Immigrants who walk around us in a kind of no man’s land, some with their underpants in our face as they waddle along amongst diners because our streets are now restaurants, themselves living a kind of low-key violence and racism, and perhaps even looking down on us as we jeopardise prosperity and are cornered into less and less space in our resorts.  Because rising rents has caused a demographic imbalance and what were once communities have now become soul-less zones, rather than villages or pretty towns with their own identity.

We also have a right to not be offended by others who distance themselves from moral responsibilities to society.  There should be boundaries or else anarchy rules and what was once a gem of country to live in has become a gambling house.

There is mention that the X300 bus that operated for students, mainly, but not only, that left from Cirkewwa and went to University and Mater Dei will be discontinued.  Creating victims is the speciality of this government.  A soft dictatorship than decides where our money will go and how our taxes are spent, without account.  Much of the same way that they gave away our hospitals. 
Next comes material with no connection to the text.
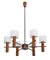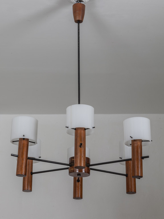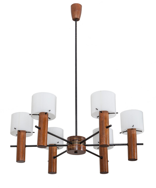 UN LAMPADARIO, anni '60. <br>Ottone, legno di

Perhaps they are conducting a test to see how far people can be controlled and how far an unpopular decision can be repackaged to look like a gift.  They know that the tunnel to Gozo is a project for the developers and business cronies.  They know that it is a huge cost to build it, dangerous and generally it is not wanted.  But if the construction industry wants it, so they must find a way to distract the people with fast ferries and make them feel inconvenienced by the commute with Gozo Channel.  Taking away the bus is the first step. They can try to argue that the bus company decides on its service but we know that the Gozitan students had fought long and hard for this service and it forms part of the commitment to improve the lives of the students.  Therefore, it is a social service and should be protected by government, even with subsidy if necessary.  Anyway, the fast ferries should have been an addition and not a loss.

Only when there is no purpose in owning and no pleasure left to enjoy, perhaps we will realize that we cannot thrive on exploitation.  Then that little beach house will come to have so much more value than the empty concrete blocks and neighbours will become friends and citizens again, chatting once more on a balmy summer evening.